Given data Start Marker

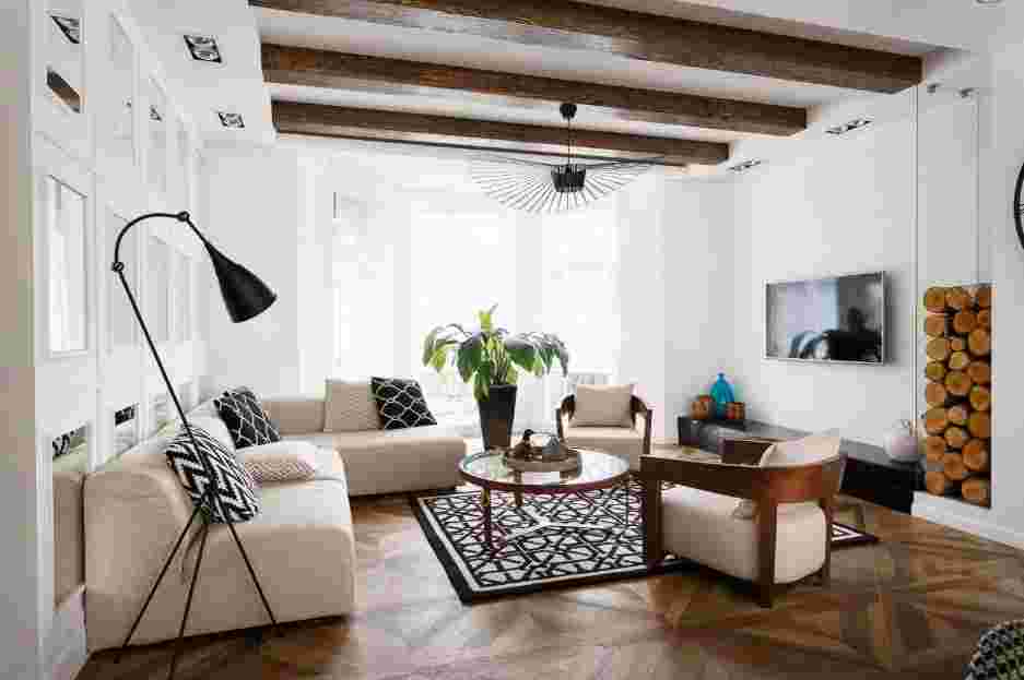 Сельские мотивы, которые характерны стилю кантри, все чаще используют в современных интерьерах. Потолочные деревянные балки, а также мебель с натуральным рисунком и минимальной обработкой – то, чего так не хватало современным гостиным комнатам. Интересно, что такие детали сейчас используют не только в больших домах, но и в простых квартирах, адаптируя под себя.
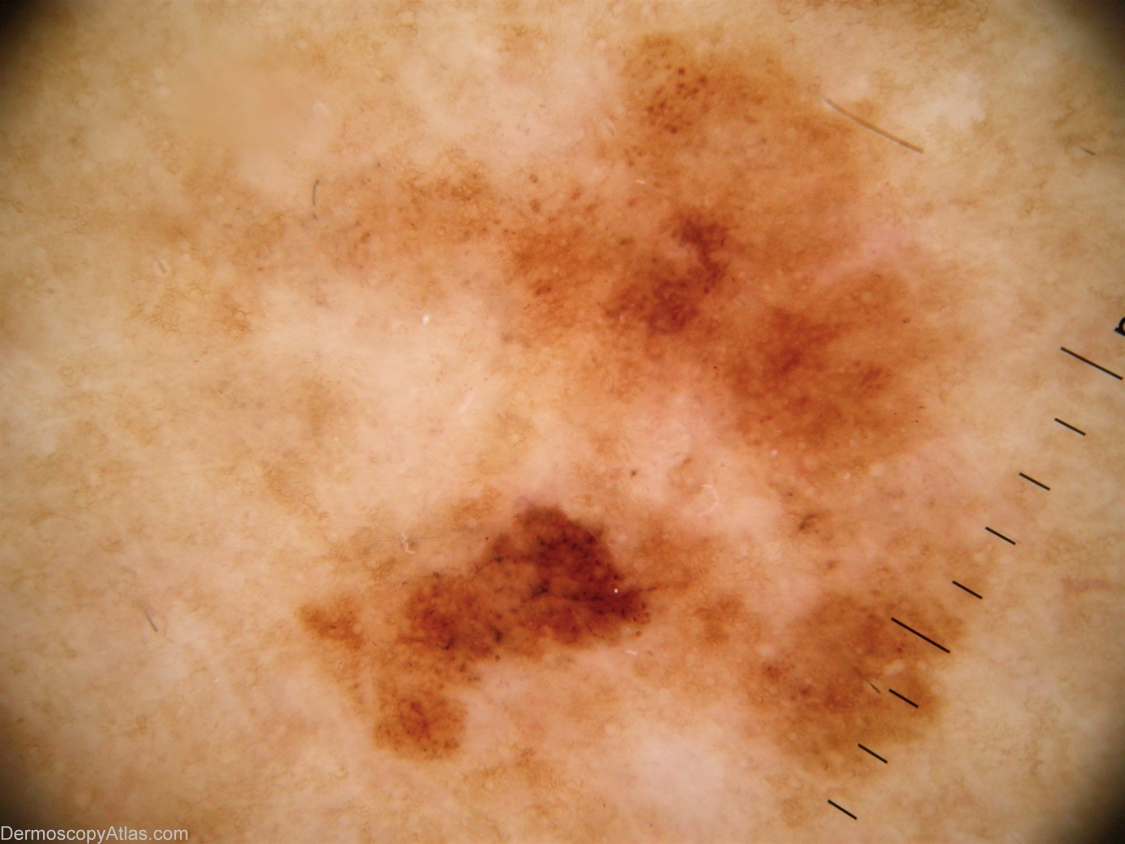 Description: Non-polarising, dermlite fluid. Presence of multiple white clods (milia-like cysts) and lack of clear network make a misdiagnosis of seborrhoeic keratosis possible.
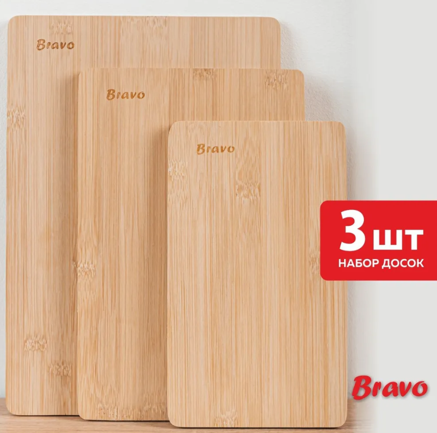В комплект входят три доски размером, что делает их универсальными для любых задач на кухне.
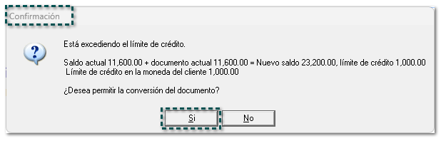 En versiones anteriores, al tratar de transformar dicho documento, aparecía el mensaje "Esta excediendo el límite de crédito. ¿Desea permitir la conversión del documento?", por lo que al dar clic en el botón Sí, no realizaba la transformación.

Given data End Marker

(What is needed): Nothing but the pictures should be left out when the material above is copied.

(Response to this exercise):
 Сельские мотивы, которые характерны стилю кантри, все чаще используют в современных интерьерах. Потолочные деревянные балки, а также мебель с натуральным рисунком и минимальной обработкой – то, чего так не хватало современным гостиным комнатам. Интересно, что такие детали сейчас используют не только в больших домах, но и в простых квартирах, адаптируя под себя.
 Description: Non-polarising, dermlite fluid. Presence of multiple white clods (milia-like cysts) and lack of clear network make a misdiagnosis of seborrhoeic keratosis possible.
В комплект входят три доски размером, что делает их универсальными для любых задач на кухне.
 En versiones anteriores, al tratar de transformar dicho documento, aparecía el mensaje "Esta excediendo el límite de crédito. ¿Desea permitir la conversión del documento?", por lo que al dar clic en el botón Sí, no realizaba la transformación.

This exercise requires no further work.